Le 22 décembre prochain, la directive européenne du 22 mai 2001, qui porte sur l’harmonisation du droit d’auteur et des droits voisins dans la société de l’information en Europe, deviendra effective. Celle-ci porte notamment sur la protection du droit d’auteur et sur son harmonisation à l’échelle européenne afin d’en faciliter l’exploitation commerciale et, surtout, sur la légitimité des systèmes de protection, comme les procédés anticopie caractéristiques des DVD vidéo et que l’on trouve désormais sur certains CD audio. A priori, la directive européenne, dont s’inspire un projet de loi du gouvernement français, part d’une bonne intention, celle de réprimer la contrefaçon et le piratage d’oeuvres artistiques notamment. Mais au final, elle remet en cause le droit à la copie privée, qui autorise la duplication d’une oeuvre originale à des fins strictement personnelles.

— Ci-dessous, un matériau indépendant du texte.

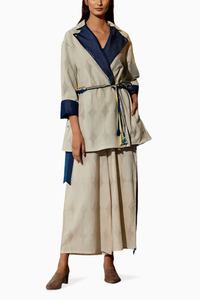 Featuring the Beige Blue Denim Jacket Coord Set by Jayati Goenka, a versatile duo for effortless style. This two-piece co-ord set includes a reversible block printed jacket paired with ankle-length lush cotton soft pants. Adorned with JG signature button knot details, crafted from natural dyed and handblock printed cotton blend fabric and denim.
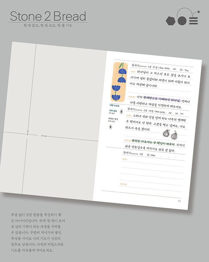 돌빵은 창세기 1장부터 요한계시록 22장까지 신구약 1189장의 말씀을 읽어 가며 매 장마다 말씀 한 구절과 기도 한 줄을 기록하도록 돕는 묵상의 도구입니다. 말씀을 기록하고 말씀으로 기도하는 묵상 다이어리입니다.
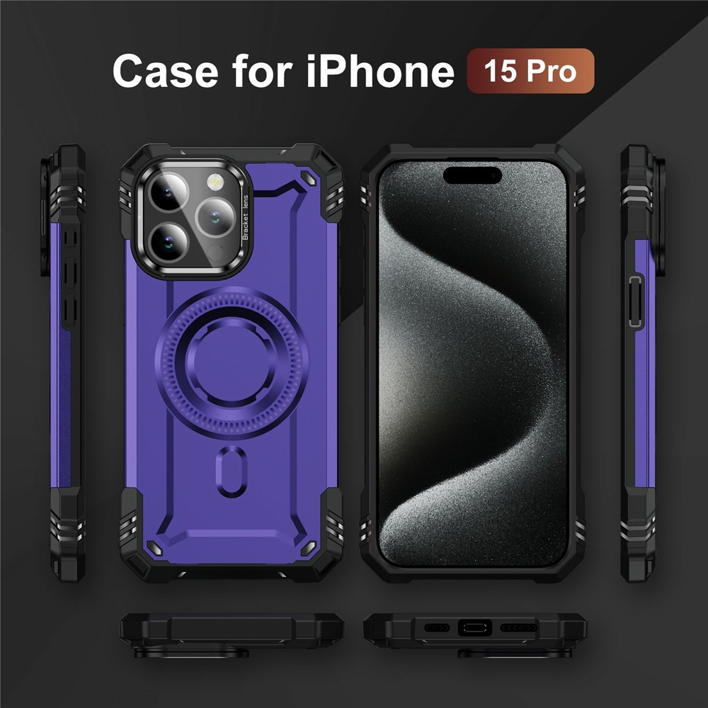 For iPhone 15 Pro Magnetic Case Lens Kickstand PC + TPU Shockproof Phone Cover - Purple $18.35

Selon la Free Software Foundation France (Fondation pour le logiciel libre), le principe du droit à la copie privée – qui autorise la création de compilations sur son disque dur à partir de ses CD ou la gravure des disques sur CD-Rom pour en disposer à partir de différents lieux géographiques-  risque d’être remis en cause. « L’avant-projet de loi relatif à ‘l’harmonisation de certains aspects du droit d’auteur et des droits voisins dans la société de l’information‘, débattu pour la première fois le 5 décembre 2002 par le Conseil Supérieur de la Propriété Littéraire et Artistique (CSPLA), fait peser une menace d’une ampleur encore indéterminée sur ces pratiques », écrivent les responsables de l’association.

Le temps de la réflexion

Surtout, la FSF France souligne que les propositions de correction doivent être arrêtées avant la fin de l’année en vue d’une adoption éventuelle de la loi début 2003. « Pourquoi une telle précipitation à légiférer sur un sujet aussi délicat ? La France sait prendre le temps de la réflexion dans l’application des directives européennes lorsque cela s’avère nécessaire », s’interroge la FSF France. D’autant que le mouvement du logiciel libre n’est ni représenté, ni invité aux débats menés par le CSLPA rattaché au ministère de la Culture.

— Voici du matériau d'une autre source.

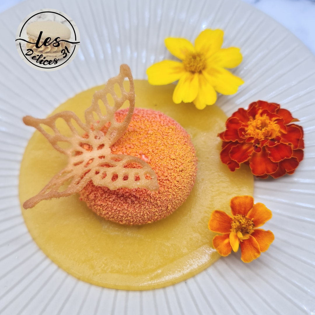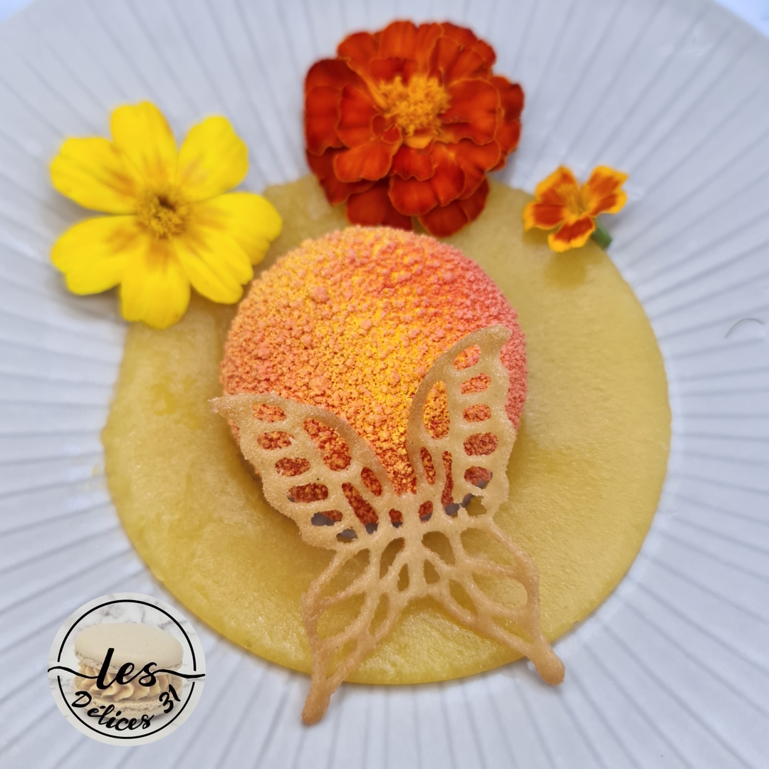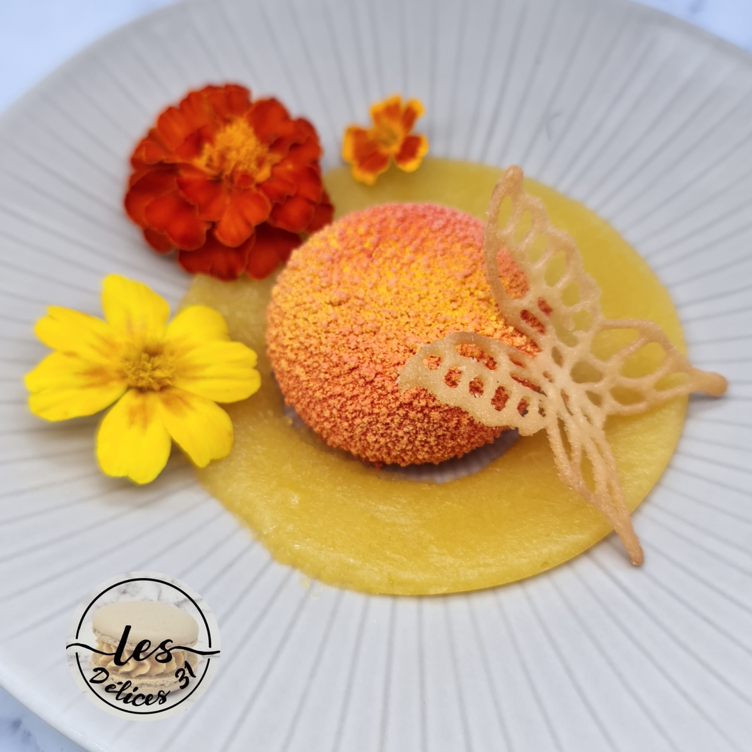 The next day, remove the peach desserts from their moulds and immediately apply the yellow and orange velvet spray.

Plus grave, selon l’APRIL (Association pour la Promotion et la Recherche en Informatique Libre), le projet de loi irait bien au-delà des propositions de la directive européenne en autorisant des organisations privées comme la BSA (Business Software Alliance) à se substituer purement et simplement aux auteurs, sans forcément les consulter. « La BSA, écrit l’APRIL, pourrait aussi perquisitionner dans les entreprises. » Rappelons que la BSA, dont Microsoft est l’un des membres les plus représentatifs, a pour objet de lutter contre l’usage illicite de logiciels. « Si le projet de loi est approuvé, n’importe quel procédé baptisé ‘contrôle d’utilisation’ (article 14 de l’avant-projet) décidera de ce que vous avez le droit de faire ou non, à la discrétion de l’auteur », lit-on dans un communiqué de l’APRIL.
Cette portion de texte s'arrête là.